From 82915a5c9808c3542048e5f4d13e4fa073da89d7 Mon Sep 17 00:00:00 2001
From: Rhyannon Joy Rodriguez <rhyannonjoy@gmail.com>
Date: Fri, 8 May 2026 16:13:18 -0700
Subject: [PATCH] [add] platforms (Issue #27)

---
 README.md                       |  2 +-
 SPEC.md                         | 20 +----------
 site/config/_default/menus.toml |  5 +++
 site/content/platforms.md       | 63 +++++++++++++++++++++++++++++++++
 4 files changed, 70 insertions(+), 20 deletions(-)
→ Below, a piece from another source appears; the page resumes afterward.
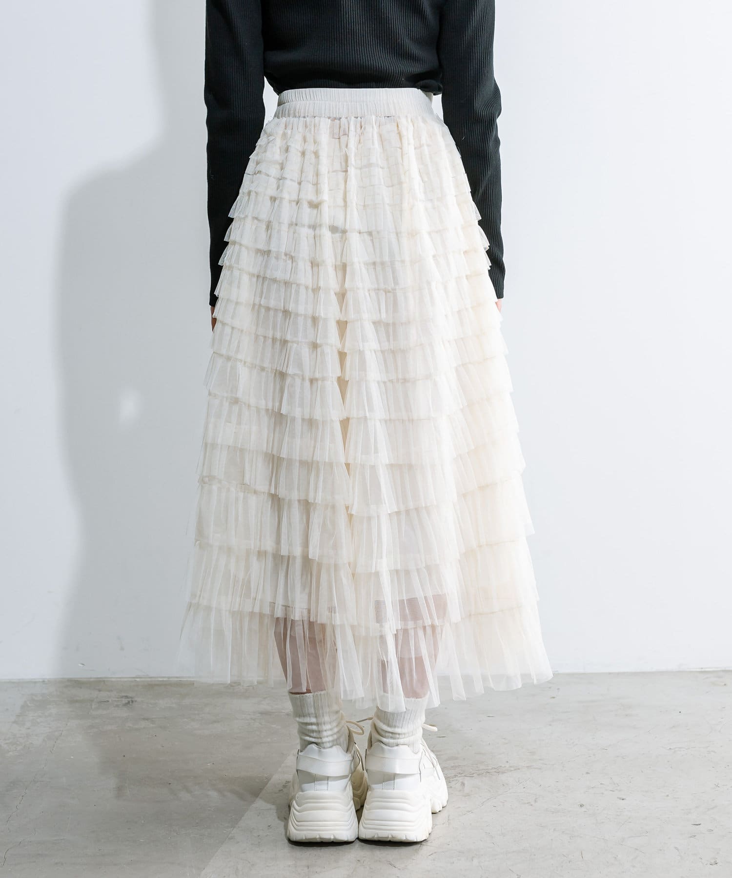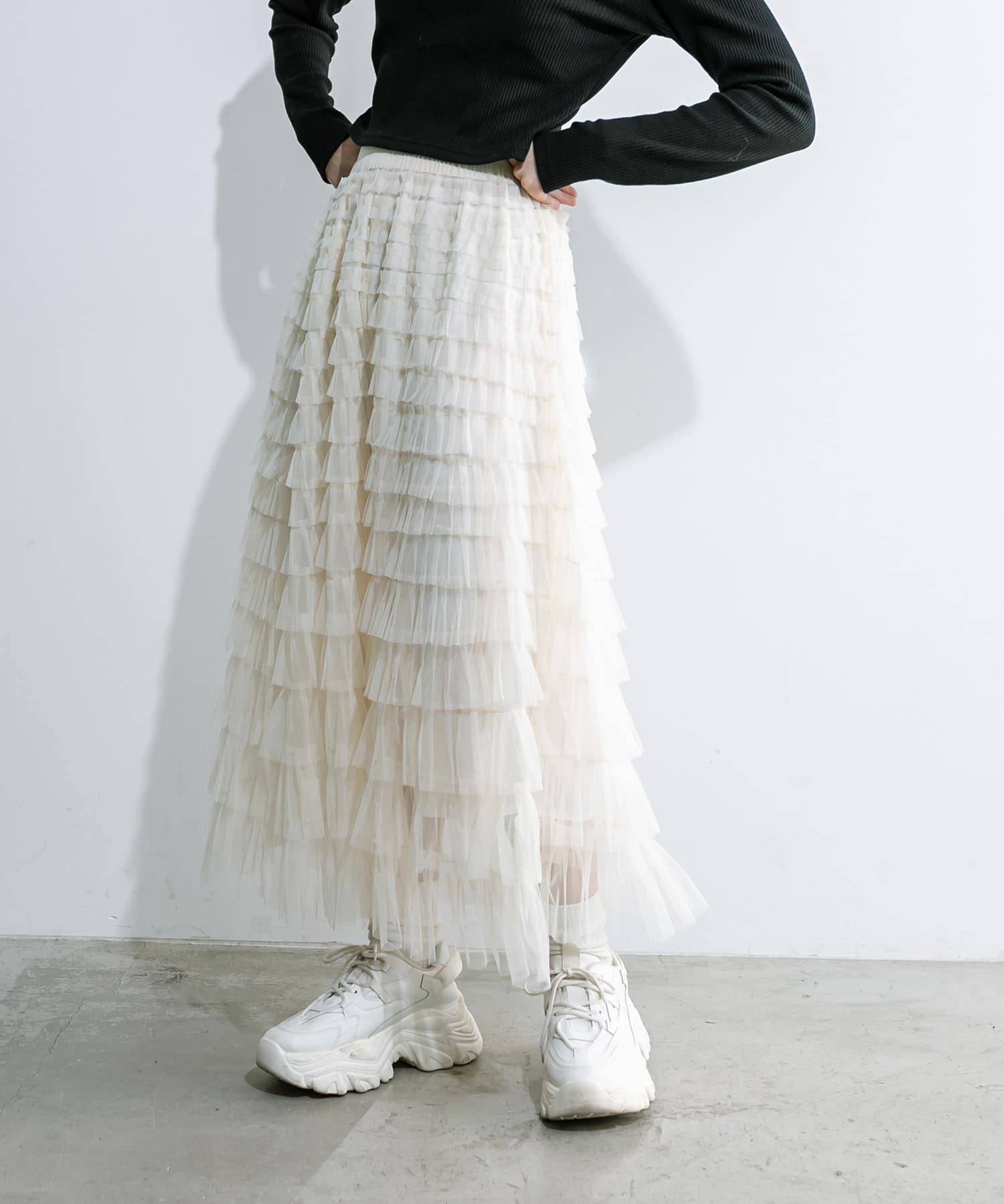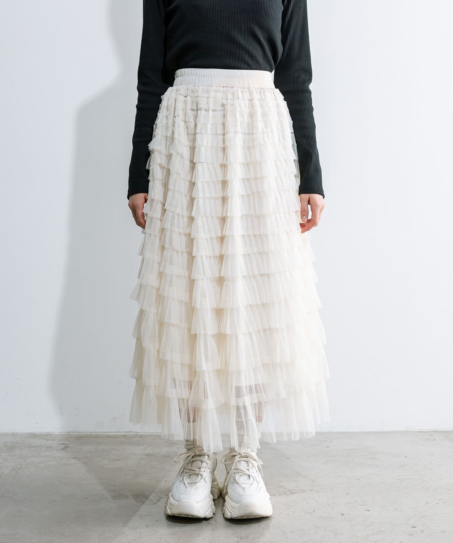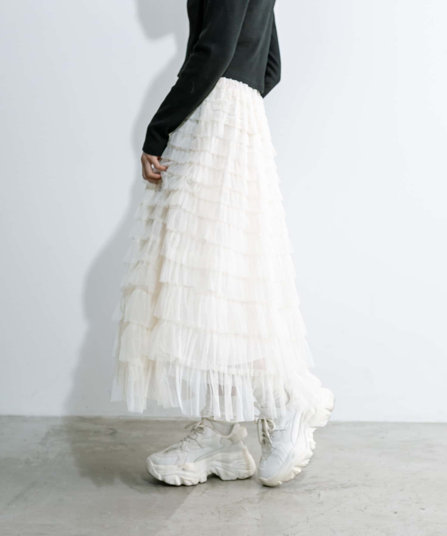 チュールフリルティアードスカート

 create mode 100644 site/content/platforms.md

diff --git a/README.md b/README.md
index f0c012e..a3254c5 100644
--- a/README.md
+++ b/README.md
@@ -98,7 +98,7 @@ This spec is open for community review. We welcome:
 - **Proposed changes**: Submit a pull request (open an issue first for
   significant changes)
 - **Platform data**: If you know a platform's truncation limits, contribute to
-  the [Known Platform Limits](SPEC.md#known-platform-limits) table
+  [the Platforms tables](./site/content/platforms.md)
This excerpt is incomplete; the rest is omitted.